Problem statement. All lines from the one containing "Mặt tiền được" through the end of the material below are to be printed exactly, both ends included, minus pictures.
──────
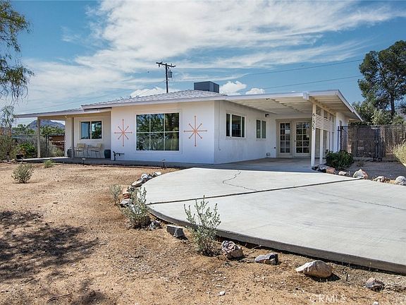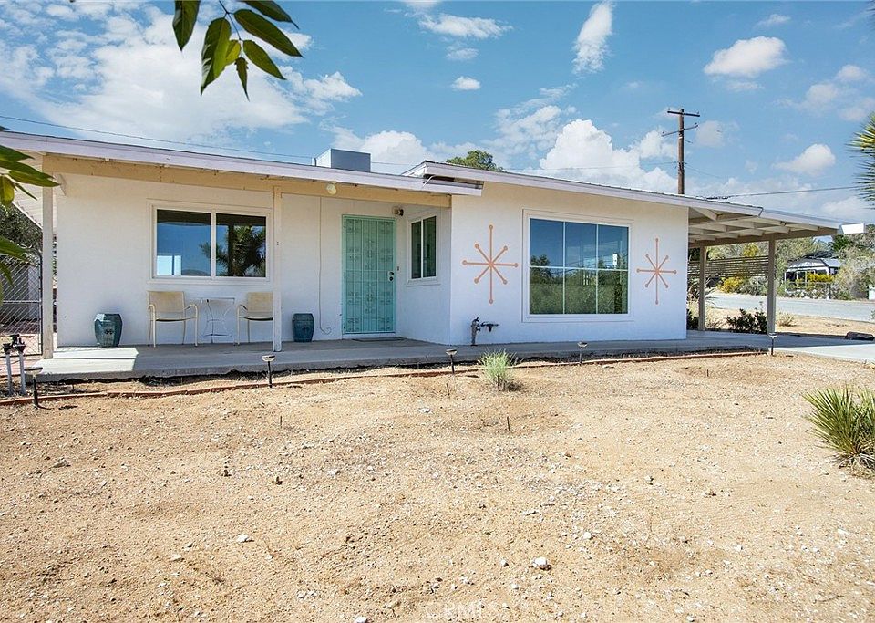 The Atomic Desert Dream House: Your retro-futuristic, authentic mid-century modern getaway that bridges the past and present. Very few mid-century properties exist in Joshua Tree, and this may be the only example preserved in mint, near original condition — complete with veneer wood cabinetry in the kitchen, period antiques, and vintage tile work in the bathroom. Discover this spacious, 3-bedroom, 1-bathroom 1,249-square-foot dwelling with upgraded appliances and central air-conditioning/heating. The third bedroom/bonus room is an extra-large flex space. A new roof was installed after present owner purchased property, as well as terrazzo-style tile floors, and double-pane windows throughout. Viewed from the interior, a joshua tree stands in the front yard framed by the large front window. The home is positioned on a corner lot with an empty lot across the street and behind the house for added privacy. With meticulous desert landscaping, several mature olive trees add yet another layer of seclusion. A high-quality block retaining wall demarcates the backyard. Two sheds provide ample space for storage, in addition to the enclosed laundry room, which could be converted into a large work-from-home space. The property also features a covered carport for efficient, Jetson-style parking. Sold turnkey/fully-furnished! All decor and furnishings are inspired by the American “Atomic Age,” which was the 1960s visualization of space-age style. Incredible location — walking distance from downtown Joshua Tree, and a short drive to Joshua Tree National Park. Cozy southside neighborhood. Presently used as a part-time residence and part-time Airbnb to be delivered seamlessly to buyer looking for same. For mid-century aficionados, look no further for perhaps the most affordable example in SoCal.
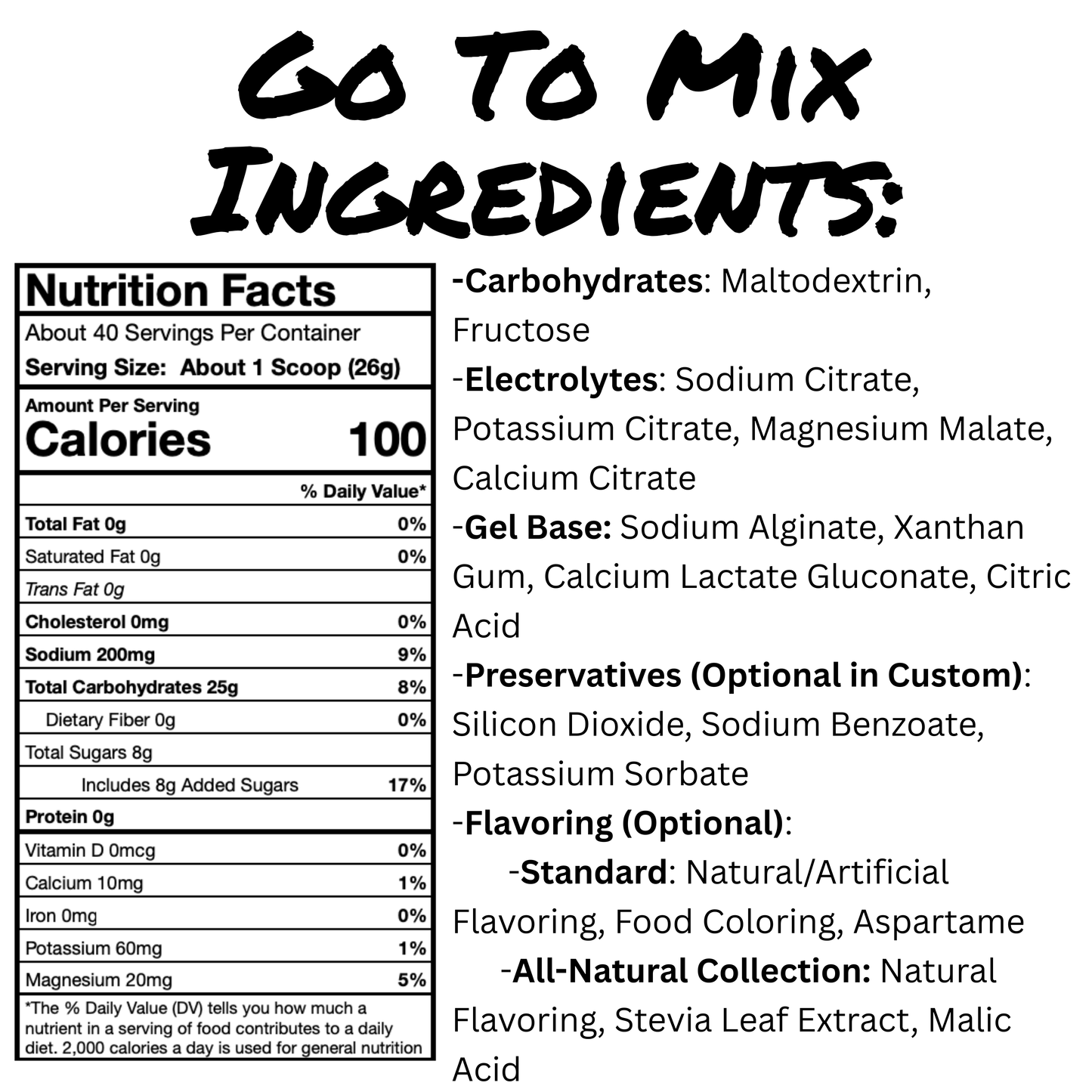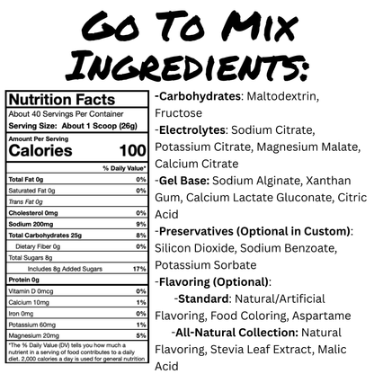 Want to adjust Flavor Strength, Electrolytes, Carb Quantity!? Check out the Custom Mix page to alter it to make a drink mix exactly how you like it!
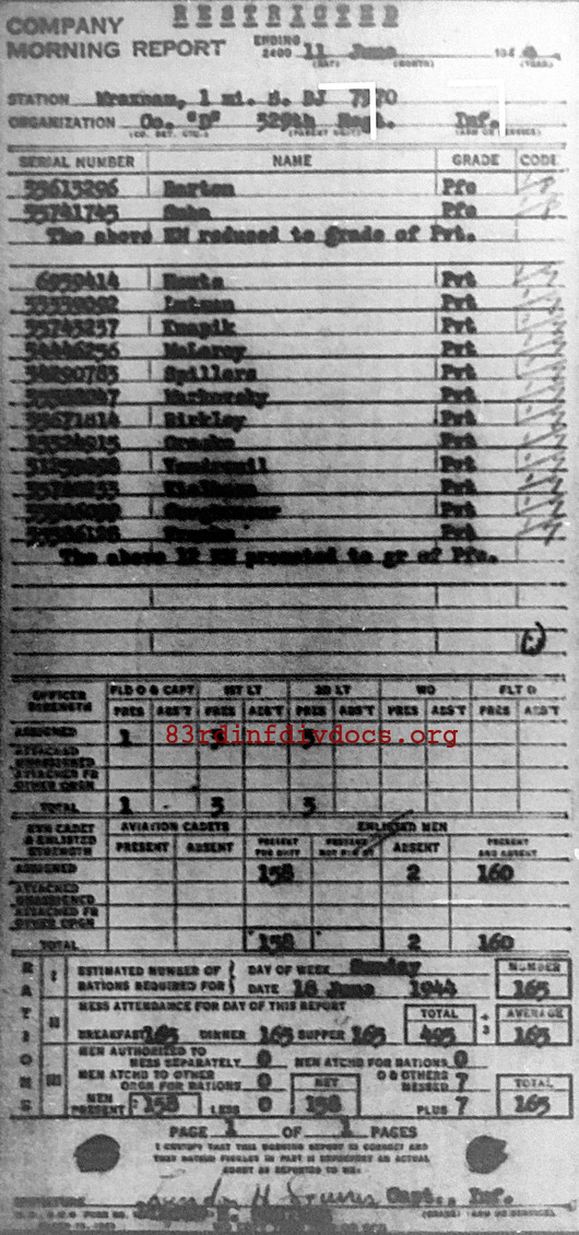 | 1944-06-11 | PFC | Rank reduced to Private as of June 11, 1944 | D / 329 | view page | |
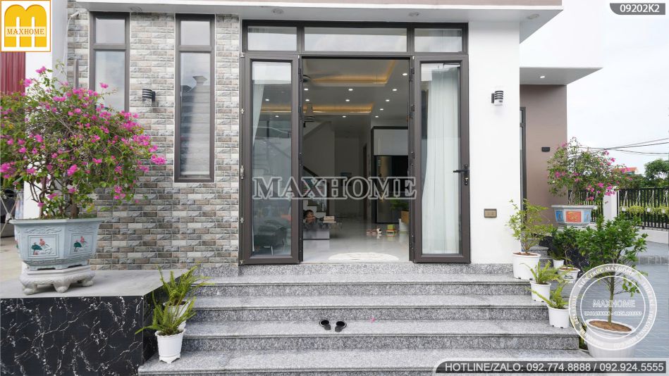 Mặt tiền được nhấn mạnh bằng mảng tường ốp đá, cửa kính khung nhôm đen sang trọng cùng hệ bậc tam cấp ốp đá granite, tất cả tạo nên một tổng thể ngoại thất đẳng cấp, hiện đại và đầy cuốn hút. Đây là lựa chọn hoàn hảo cho những gia đình mong muốn sở hữu một không gian sống tinh tế và đầy đủ tiện nghi.
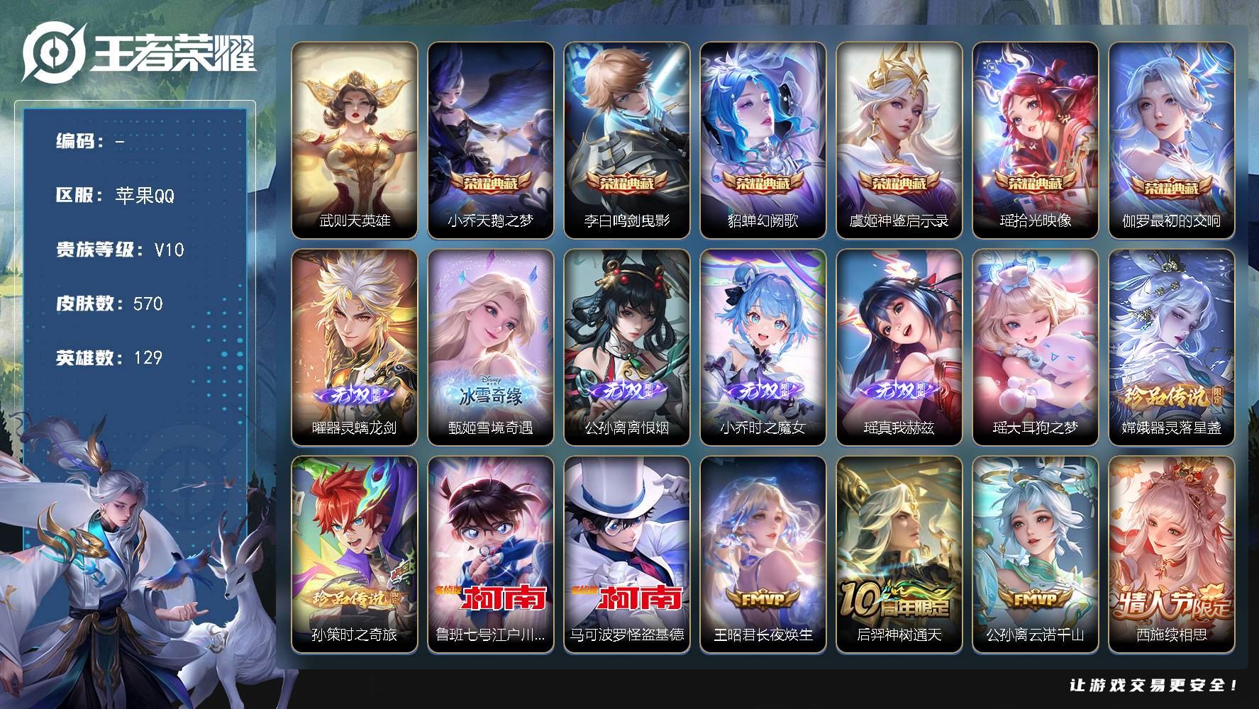【游戏多多】 【可包人脸】苹果Q V10 至尊星耀I段位 129英雄 570皮肤 6典藏 0珍品无双 5无双 5珍品传说 88传说 202史诗大区:苹果Q,营地:1889124990,贵族等级:10,【热门皮肤】:,【限定皮肤】:吕布舞狮寰,敖隐赤刃凌霄,明世隐百晓客,钟馗锁墨魂,兰陵王雾影缉谜,空空儿戏梦巡演,王昭君长夜焕生,狂铁龙之律动,小乔线条小狗,蚩奼极光幻客,虞姬溯影追猎,鬼谷子谜偶窥秘,周瑜线条小狗,鲁班七号班班快跑,桑启线条小狗,孙权径山谋武,项羽九幽镇关,后羿神树通天,艾琳鹤鸣心笺,亚瑟荣光之誓,鬼谷子克喵,莱西奥踏浪烽翎,甄姬逆浪荇歌,云中君云械蓝图,后羿石田雨龙,白起死霸装,姬小满小满鸭,露娜命运加冕,阿古朵布丁狗之约,蒙犽狂想玩偶喵,瑶大耳狗之梦,盘古冰霜神祇,张良灵野札记,钟馗虚灵犬护,公孙离云诺千山,沈梦溪鸭鸭历险记,刘禅鸭鸭历险记,小乔秘证寻踪,刘备浪漫序章,太乙真人谧流熔炉,戈娅玫蓝誓约,阿轲化蝶舞,明世隐景韶洛都,西施续相思,马可波罗暗影游猎,杨玉环星之鸣奏,嫦娥器灵·落星盏,后羿千劫归真,裴擒虎祥瑞亨通,虞姬愿照·岁时盈,女娲愿照·千秋盛,蔡文姬愿照·福禄聚,司空震愿照·山河定,澜愿照·九州拓,妲己愿照·众生和,达摩爆裂喵拳,少司缘灵卦秘语,弈星万物之道,姜子牙星梦巡礼,东皇太一金福满堂,西施雪境奇遇,典韦铁骨偃魂,孙策时之奇旅,苍苍林狼骑,影魅影绮裳,嬴政玄雷天君,马超访茗客,孙膑茶境仙,牛魔星界战将,阿轲迷踪丽影,干将莫邪雾都夜雨,百里守约百相守梦,吕布逐霄战戟,鲁班七号江户川柯南,马可波罗怪盗基德,老夫子百相守梦,米莱狄怪诞之夜,桑启鸣野蒿,甄姬游园惊梦,王昭君映山客【荣耀典藏】:武则天,伽罗最初的交响,瑶拾光映像,虞姬神鉴启示录,貂蝉幻阙歌,李白鸣剑·曳影,小乔天鹅之梦【截图或标题展示段位不代表实际段位,赛季更新等不可抗拒因素发生变化、时限道具不保证所剩时间,详情请看截图哦~】
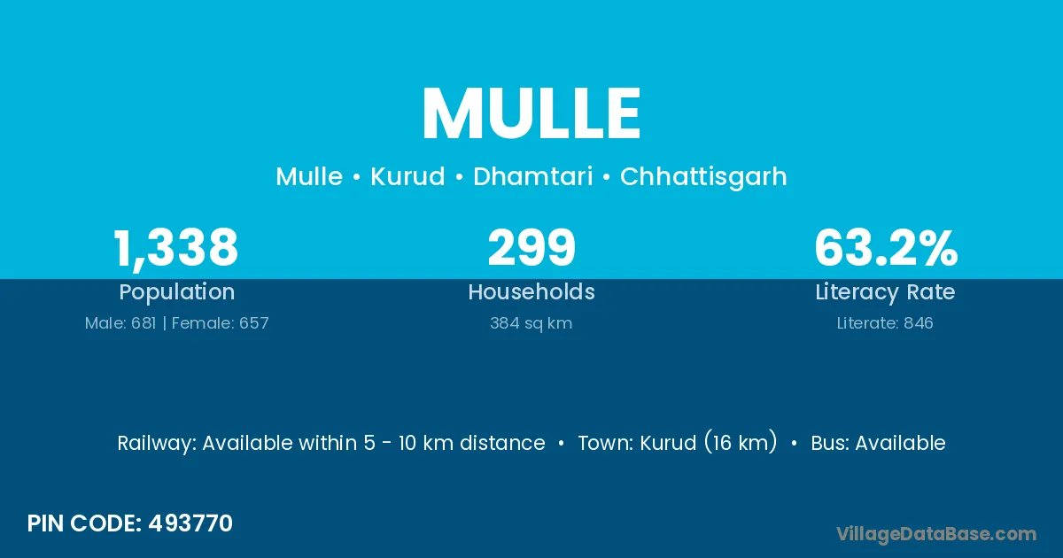 Balod (21 km) is the nearest town to Mulle village for major economic activities and is located approximately 21 km away.
──────
Answer section.
 Mặt tiền được nhấn mạnh bằng mảng tường ốp đá, cửa kính khung nhôm đen sang trọng cùng hệ bậc tam cấp ốp đá granite, tất cả tạo nên một tổng thể ngoại thất đẳng cấp, hiện đại và đầy cuốn hút. Đây là lựa chọn hoàn hảo cho những gia đình mong muốn sở hữu một không gian sống tinh tế và đầy đủ tiện nghi.
【游戏多多】 【可包人脸】苹果Q V10 至尊星耀I段位 129英雄 570皮肤 6典藏 0珍品无双 5无双 5珍品传说 88传说 202史诗大区:苹果Q,营地:1889124990,贵族等级:10,【热门皮肤】:,【限定皮肤】:吕布舞狮寰,敖隐赤刃凌霄,明世隐百晓客,钟馗锁墨魂,兰陵王雾影缉谜,空空儿戏梦巡演,王昭君长夜焕生,狂铁龙之律动,小乔线条小狗,蚩奼极光幻客,虞姬溯影追猎,鬼谷子谜偶窥秘,周瑜线条小狗,鲁班七号班班快跑,桑启线条小狗,孙权径山谋武,项羽九幽镇关,后羿神树通天,艾琳鹤鸣心笺,亚瑟荣光之誓,鬼谷子克喵,莱西奥踏浪烽翎,甄姬逆浪荇歌,云中君云械蓝图,后羿石田雨龙,白起死霸装,姬小满小满鸭,露娜命运加冕,阿古朵布丁狗之约,蒙犽狂想玩偶喵,瑶大耳狗之梦,盘古冰霜神祇,张良灵野札记,钟馗虚灵犬护,公孙离云诺千山,沈梦溪鸭鸭历险记,刘禅鸭鸭历险记,小乔秘证寻踪,刘备浪漫序章,太乙真人谧流熔炉,戈娅玫蓝誓约,阿轲化蝶舞,明世隐景韶洛都,西施续相思,马可波罗暗影游猎,杨玉环星之鸣奏,嫦娥器灵·落星盏,后羿千劫归真,裴擒虎祥瑞亨通,虞姬愿照·岁时盈,女娲愿照·千秋盛,蔡文姬愿照·福禄聚,司空震愿照·山河定,澜愿照·九州拓,妲己愿照·众生和,达摩爆裂喵拳,少司缘灵卦秘语,弈星万物之道,姜子牙星梦巡礼,东皇太一金福满堂,西施雪境奇遇,典韦铁骨偃魂,孙策时之奇旅,苍苍林狼骑,影魅影绮裳,嬴政玄雷天君,马超访茗客,孙膑茶境仙,牛魔星界战将,阿轲迷踪丽影,干将莫邪雾都夜雨,百里守约百相守梦,吕布逐霄战戟,鲁班七号江户川柯南,马可波罗怪盗基德,老夫子百相守梦,米莱狄怪诞之夜,桑启鸣野蒿,甄姬游园惊梦,王昭君映山客【荣耀典藏】:武则天,伽罗最初的交响,瑶拾光映像,虞姬神鉴启示录,貂蝉幻阙歌,李白鸣剑·曳影,小乔天鹅之梦【截图或标题展示段位不代表实际段位,赛季更新等不可抗拒因素发生变化、时限道具不保证所剩时间,详情请看截图哦~】
 Balod (21 km) is the nearest town to Mulle village for major economic activities and is located approximately 21 km away.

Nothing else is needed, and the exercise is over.